I consider Adnostic (online behavioral advertising without tracking) to be moderately successful: it has had an impact on other research in the area, as well as in policy circles as an existence proof of behavioral-advertising-with-privacy. Now, my coauthors started working on it before I joined them, so I can take none of the credit for problem selection. But it’s a good illustration of the principle. The main reason they decided this problem was important was that privacy advocates were up in arms about online tracking. Almost no one in the computer science community was studying the topic, because they felt that simply blocking trackers was an adequate solution. So this was a case of picking a problem that people didn’t realize was important. Three years later it’s become a very crowded research space.
Another example is my work with Shmatikov on deanonymizing social networks by being able to find a matching between the nodes of two social graphs. Most people I talked to at the time thought this was impossible — after all, it’s a much harder version of graph isomorphism, and we’re talking about graphs with millions of nodes. Here’s the catch: people intuitively think graph isomorphism is “hard,” but it is in fact not NP-complete and on real-world graphs it embarrassingly easy. We knew this, and even though the social network matching problem is harder than graph isomorphism, we thought it was still doable. In the end it took months of work, but fortunately it was just within the realm of possibility.
5. Most researchers are known for only one or two things.
Let me end with an interesting side effect of the high-skew theory: a successful researcher may have worked on many successful projects during their career, but the top one or two of those will likely be far better known than the rest.

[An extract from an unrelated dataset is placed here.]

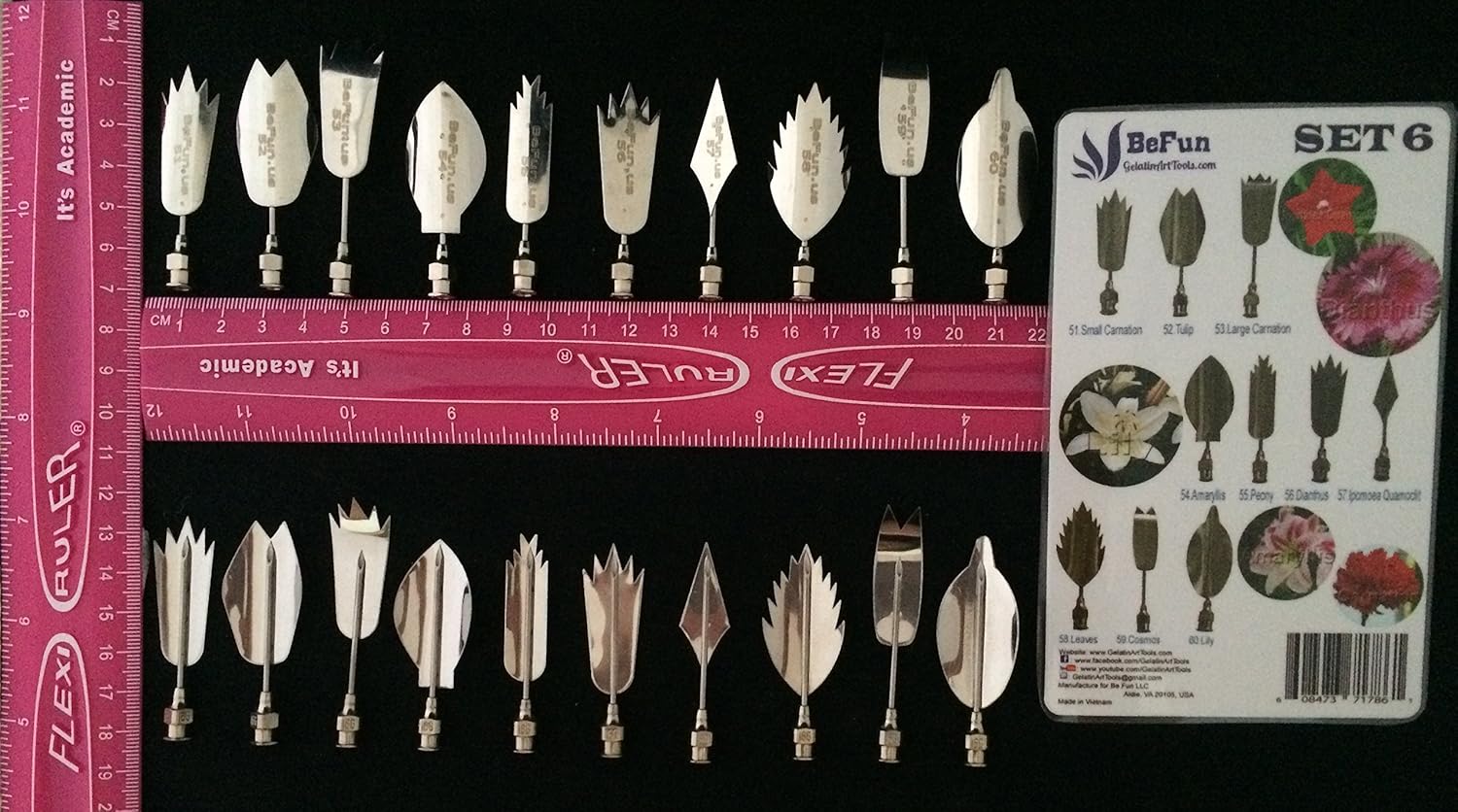 • The BeFun # 6 Cake Decorating Supplies for 3D Gelatin Art Tools–Jello Shots -Jelly Cake- Set 10 pcs for Beginners and Professionals with Serial Number & 2 Syringes is a
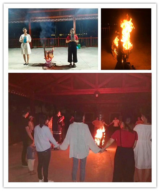 晚會一開始,有小伙伴為大家?guī)砑磁d表演,歡聲笑語聲隨著火焰節(jié)節(jié)攀升,大家圍成一圈,玩起了我們今天的第一個游戲“愛的抱抱”,考驗?zāi)愀』锇閭兙烤故撬芰嫌亚檫€是真情實感的時刻到啦。在主持人的口令下,幾人抱成團,落單者被淘汰,最終麥收的溫丹霞和馮莎莎成為最后幸存者,獲得了我們準備的獎品。

This seems to be borne out empirically, and a source of much annoyance for many researchers to be pigeonholed as “the person who did X.” Let’s take Ron Rivest who’s been prolific for several decades not just in cryptography but also in algorithms and lately in voting. Most computer scientists will recall that he’s the R in RSA, but knowledge of his work drops off sharply after that. This is also reflected in the citation counts (the first entry is a textbook, not a research paper). 
In summary, if you’re a researcher, think carefully about which projects to work on and what the individual and overall chances of success are. And if you’re someone who’s skeptical about academia because your friend who dropped out of a Ph.D. after their project failed convinced you that all research is useless, I hope this post got you to think twice.

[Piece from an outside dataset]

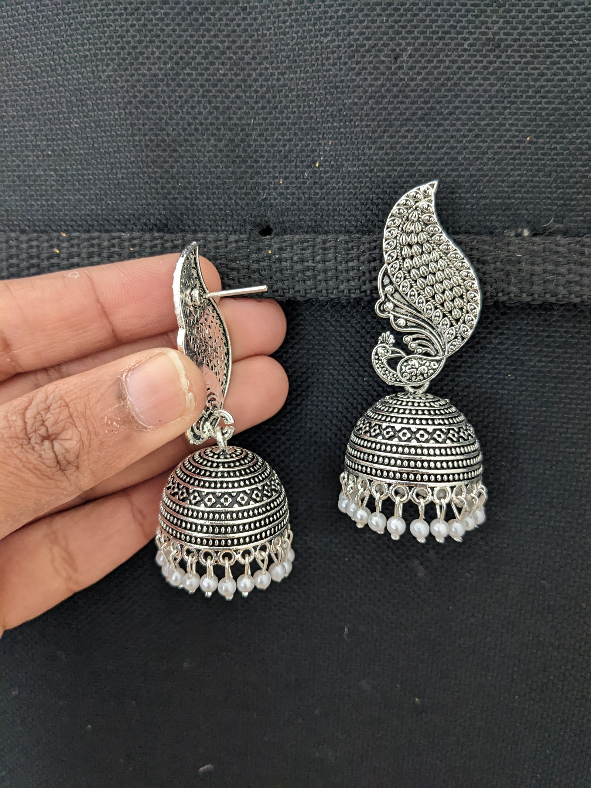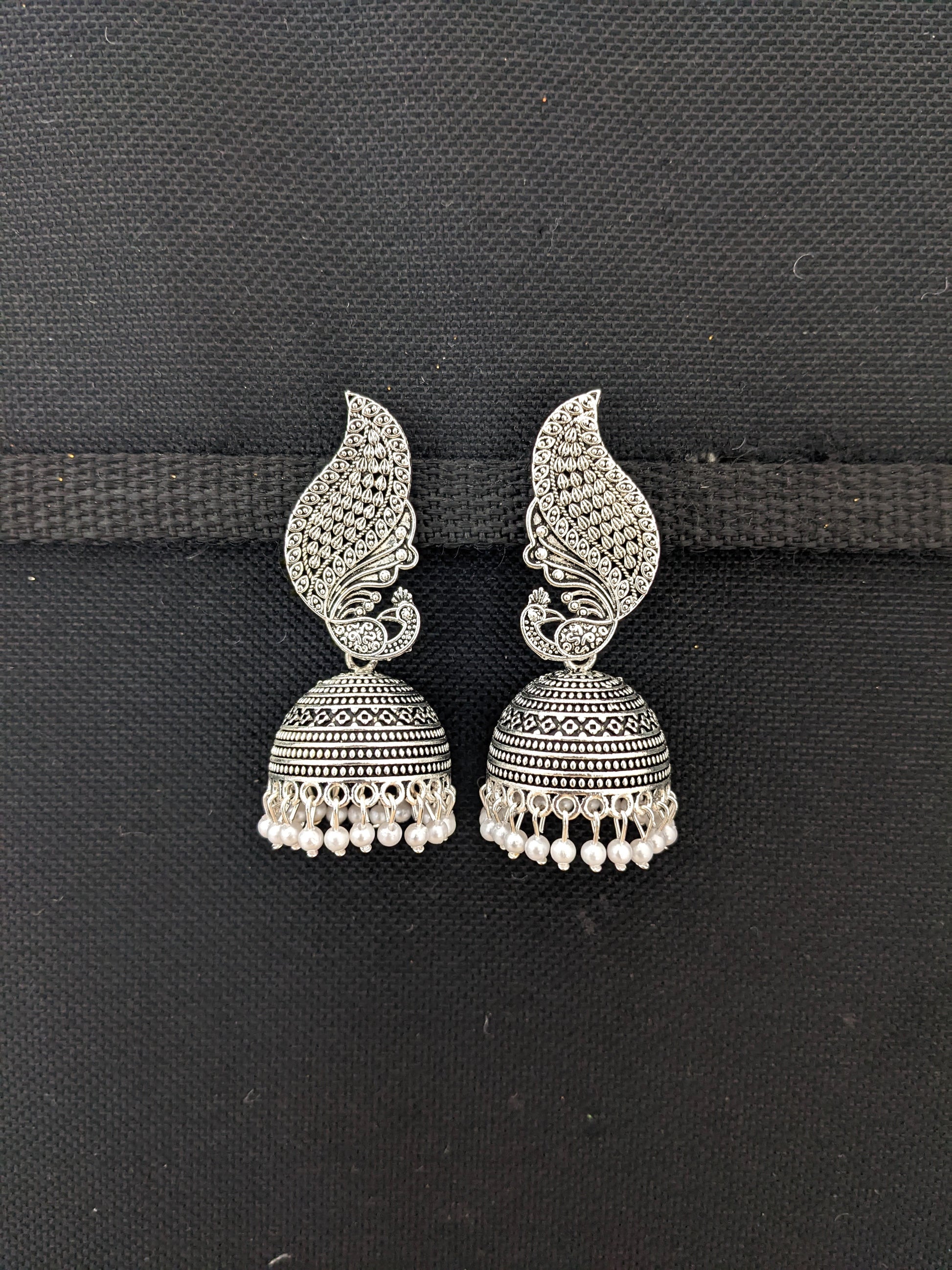 Peacock Oxidized Silver Pearl Jhumka earrings
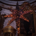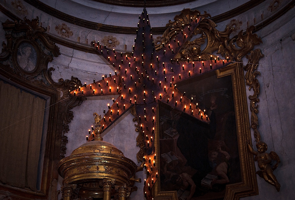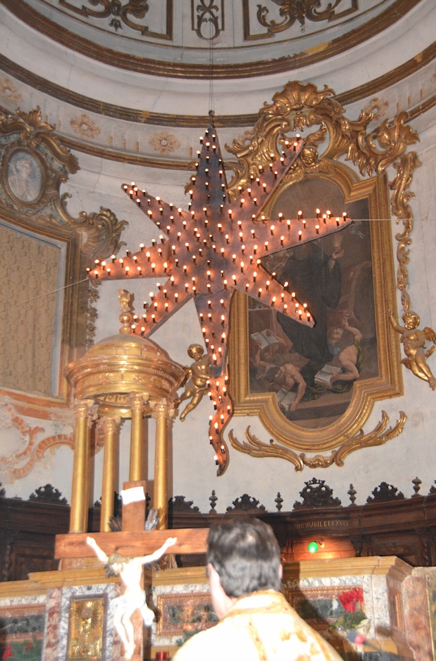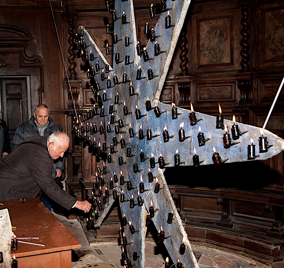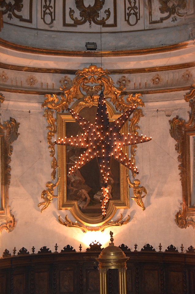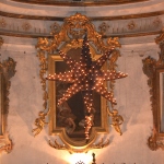 MONTELPARO – Nella chiesa di Sant’Agostino di Montelparo, come da tradizione trecentennale , la Stella Cometa è salita di nuovo altissima e sfavillante, con i suoi 185 lumini a olio appena accesi, dietro all’altare maggiore!

I may do a follow-up post examining whether ideas are as valuable as they are held to be in the research community, or whether research ideas are more similar to startup ideas in that it’s really execution and selling that lead to success.
 For example, a quarter of my papers are responsible for over 80% of my citations.
 That said, I will get a much better idea in the next few months from the other side of the table :)
 Specifically, it undermines the “we can’t stop tracking because it would kill our business model” argument that companies love to make when faced with pressure from privacy advocates and regulators.
 To be clear, my point is that Rivest’s citation counts drop off relative to his most well-known works.
Thanks to Joe Bonneau for comments on a draft.